Plasma-enhanced hydrolysis of urea and SCR of NOx over V2O5-MoO3/TiO2: Decrease of reaction temperature and increase of NOx conversion

Abstract

Plasma-enhanced hydrolysis of urea and selective catalytic reduction (SCR) of NOx over V2O5-MoO3/TiO2 were studied by temperature-programmed experiments using a packed-bed dielectric barrier discharge reactor. Urea over TiO2 and V2O5-MoO3/TiO2 could be hydrolyzed at 110–250 °C to NH3 and CO2 with yields of 79.0%–83.6% and 83.8%–88.6%, respectively. The catalyst type and presence of O2 in the carrier gas hardly affected catalytic urea hydrolysis performance. Introducing plasma reduced urea hydrolysis temperature over V2O5-MoO3/TiO2, without changing NH3 yield under O2-free condition while reducing NH3 yield to lower values at higher discharge power under O2-containing condition. Urea hydrolysis and NOx conversion temperatures decreased and NOx conversion increased after introducing plasma into the urea-SCR process.

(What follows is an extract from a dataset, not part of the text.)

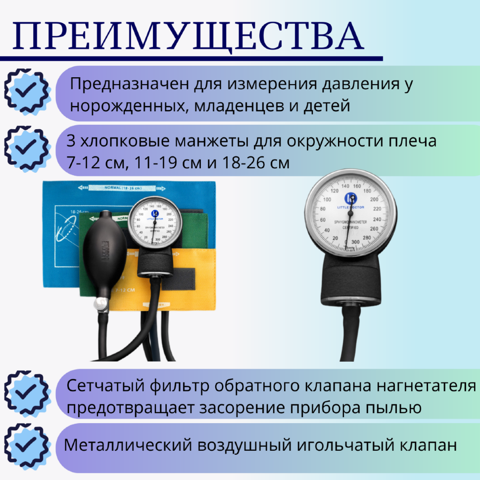 Тонометр механический педиатрический с детскими манжетами 3шт LD-80 Little Doctor/Литл Доктор
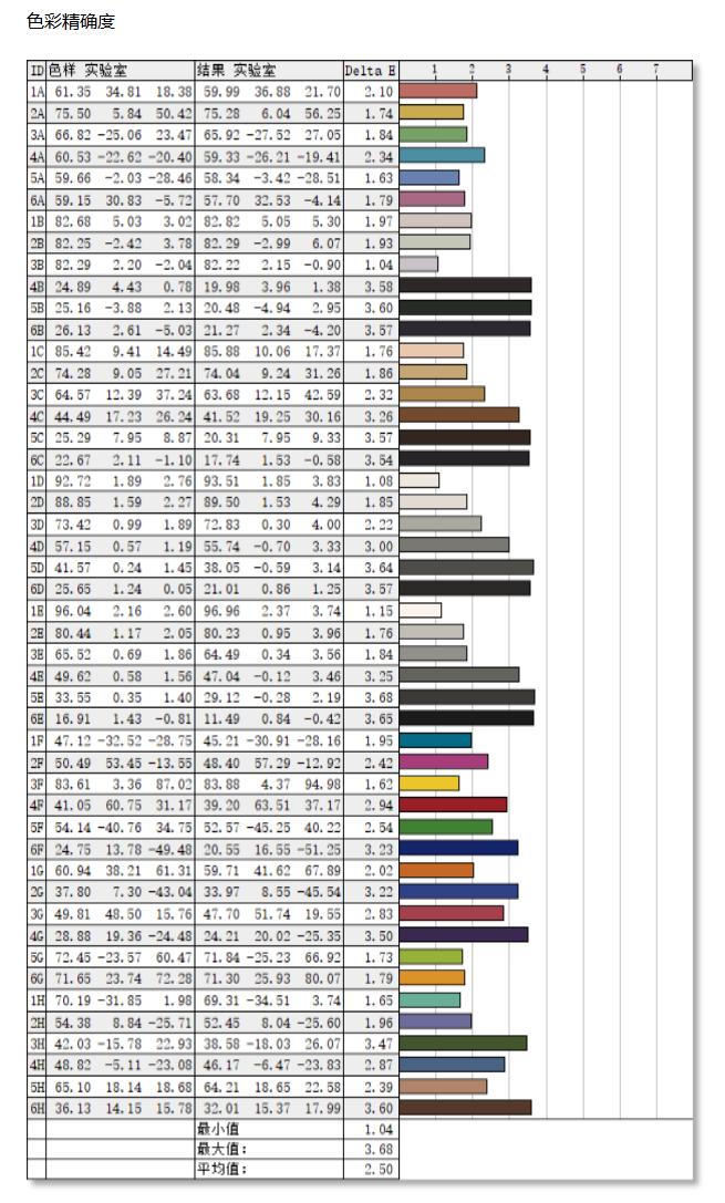 色准方面,其平均ΔE为2.5,最大值3.68,表现得属于中规中矩。

The presence of NO in the feed gas hardly affected and reduced urea hydrolysis temperature in urea-SCR and plasma-enhanced urea-SCR process, respectively. 5% O2 in the reaction gas favored NOx conversion in urea-SCR regardless of the presence of plasma. In the plasma-enhanced O2-containing urea-SCR process, N(-III) species (urea, NH3 and HNCO) were predominantly consumed in the conversion of NOx rather than being oxidized by oxidative plasma species. Minor slip of HNCO was observed at low temperatures during urea hydrolysis and urea-SCR over V2O5-MoO3/TiO2 and low-concentration N2O was detected during plasma-enhanced urea hydrolysis and urea-SCR process. The BET surface area and TiO2 crystal structure of V2O5-MoO3/TiO2 catalyst remained unchanged after urea hydrolysis and NOx conversion reactions no matter plasma was introduced or not. Plasma enhanced the conversion of NOx partially by enriching the catalyst surface with adsorbed oxygen.